Insbesondere im Frühjahr und in den Sommermonaten haben die meisten Betroffenen des allergischen Schnupfens mit Beschwerden zu kämpfen. Bei manchen Patienten tritt der Heuschnupfen im Herbst auch noch auf. Bei dem allergischen Schnupfen sind vor allem die Augen von Beschwerden betroffen. Meist treten bei Heuschnupfen einige der folgenden Symptome auf:

  • Tränenfluss
  • Fließschnupfen
  • verstopfte Nase
  • Rötungen und Schwellungen
  • Niesattacken
  • Juckreiz
  • Brennen im Hals, Hustenreiz
  • Bindehautentzündungen

Einige Menschen haben bei Heuschnupfen zudem noch mit Husten und Tagesmüdigkeit zu kämpfen. Durch die belastenden Symptome bei Rhinitis allergica, sinken bei vielen Menschen auch die Leistungs- und Konzentrationsfähigkeit ab. Manche Menschen reagieren sogar mit Atemnot oder Asthma auf die Blüten.

Ursachen von Heuschnupfen

Fast jeder Fünfte in Deutschland ist von der lästigen Allergie betroffen. Frauen sind mit 16 Prozent häufiger betroffen als Männer (13 Prozent). Mediziner beschreiben eine Überempfindlichkeit des Immunsystems als Ursache für Rhinitis allergica. Der Körper reagiert überempfindlich auf im Grunde harmlose Substanzen, nämlich auf die Eiweiße von Pflanzenpollen. Er stuft die harmlosen Pollen als gefährlich ein und bekämpft diese, daraus entwickeln sich oft Entzündungen, die Augen beginnen zu Tränen und es kommt zu heftigen Niesattacken. Rhinitis allergica wird daher auch oft als Pollenallergie bezeichnet. Die Pollen, die die Allergie auslösen finden sich hauptsächlich im Frühjahr, daher leiden die meisten von Rhinitis allergica Betroffenen, nur im Frühjahr und einigen Sommermonaten unter den Symptomen. Treten die Symptome länger auf, kann womöglich eine andere Allergie die Ursache für die Beschwerden sein, zum Beispiel eine Tierhaar- oder Hausstauballergie. Helfen gegen Heuschnupfen können spezielle Nasensprays, Medikamente oder eine Hyposensibilisierung.
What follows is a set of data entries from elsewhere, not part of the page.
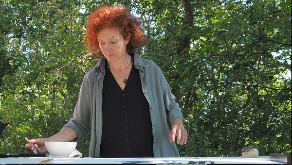 In 1999, she returned to France and engaged in painting and calligraphy teaching and exhibitions. She recalled her study in China, 'I clearly remember how I felt every day when I first learned calligraphy. I was very much attracted to the goat-hair brush that was difficult to control and the diffusion on the rice paper. '
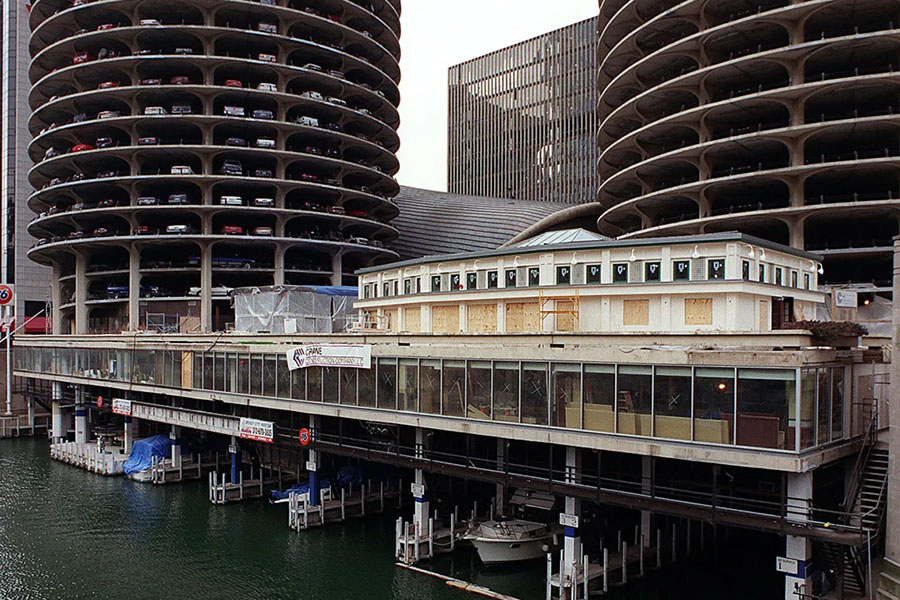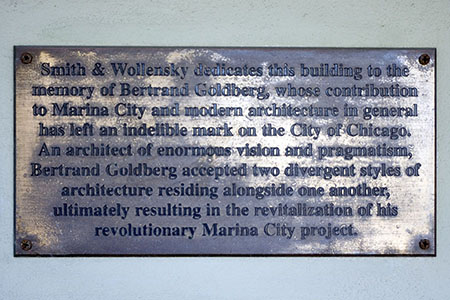 (Left) Weathered plaque near the northeast corner of Smith & Wollensky. The plaque reads, “Smith & Wollensky dedicates this building to the memory of Bertrand Goldberg, whose contribution to Marina City and modern architecture in general has left an indelible mark on the City of Chicago. An architect of enormous vision and pragmatism, Bertrand Goldberg accepted two divergent styles of architecture residing alongside one another, ultimately resulting in the revitalization of his revolutionary Marina City project.” |
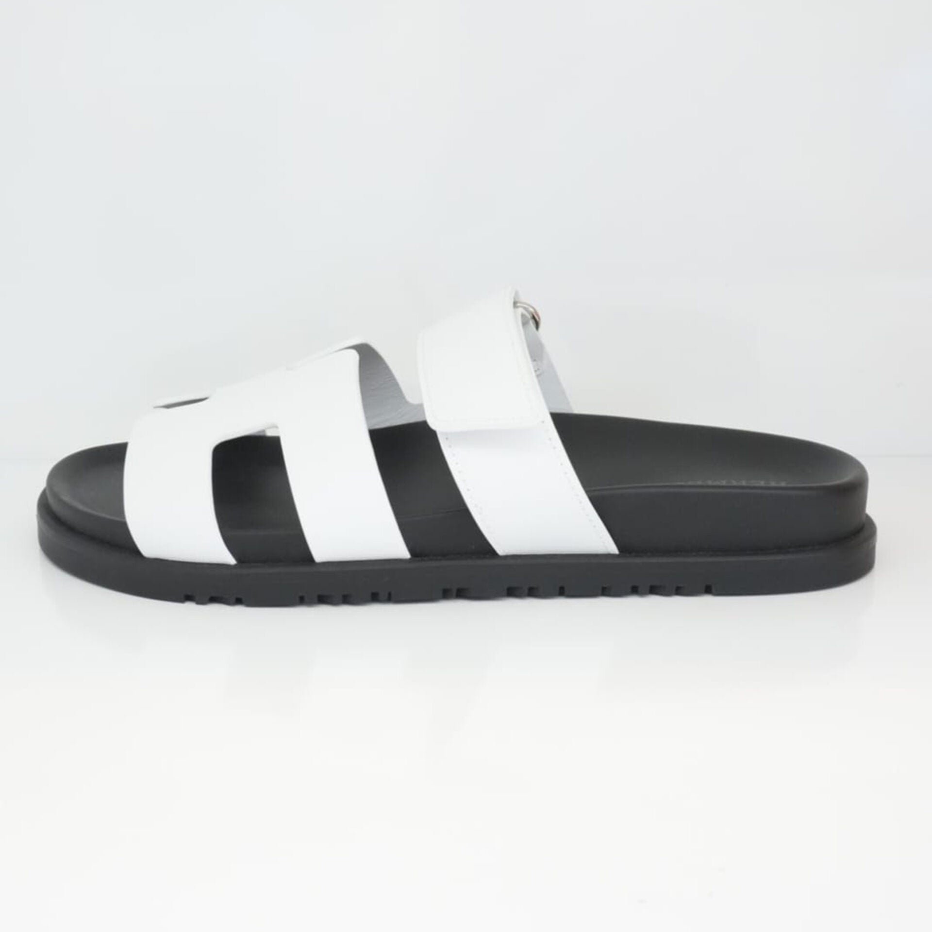 WHITE BLACK LEATHER CHYPRE SANDALS 38

Risikofaktoren für den allergischen Schnupfen

Die Beschwerden der saisonalen Allergie sind sehr belastend und schränken Betroffene oft stark in ihrer Lebensqualität ein. Einige Menschen sind anfälliger für Allergien als andere, manche Menschen haben von Natur aus empfindlichere Nasenschleimhäute und damit ein erhöhtes Allergierisiko. Oft wird der allergische Schnupfen auch vererbt. Wenn bereits Familienmitglieder unter Rhinitis allergica leiden, ist das Risiko der Vererbung der Allergie natürlich deutlich höher. Vor allem, wenn beide Elternteile eines Kindes unter Heuschnupfen leiden, besteht für das Kind ein Allergie-Risiko von 60 bis 80 Prozent. Zur Entstehung von Allergien wie Heuschnupfen können auch atemreizende Stoffe in der Luft beitragen. Kinder von Rauchern haben beispielsweise ein sehr hohes Risiko an Asthma oder Rhinitis allergica zu erkranken. Oft gehen mit dem allergischen Schnupfen auch andere Allergien einher, ebenso treten oft Rhinitis allergica und Neurodermitis gemeinsam auf.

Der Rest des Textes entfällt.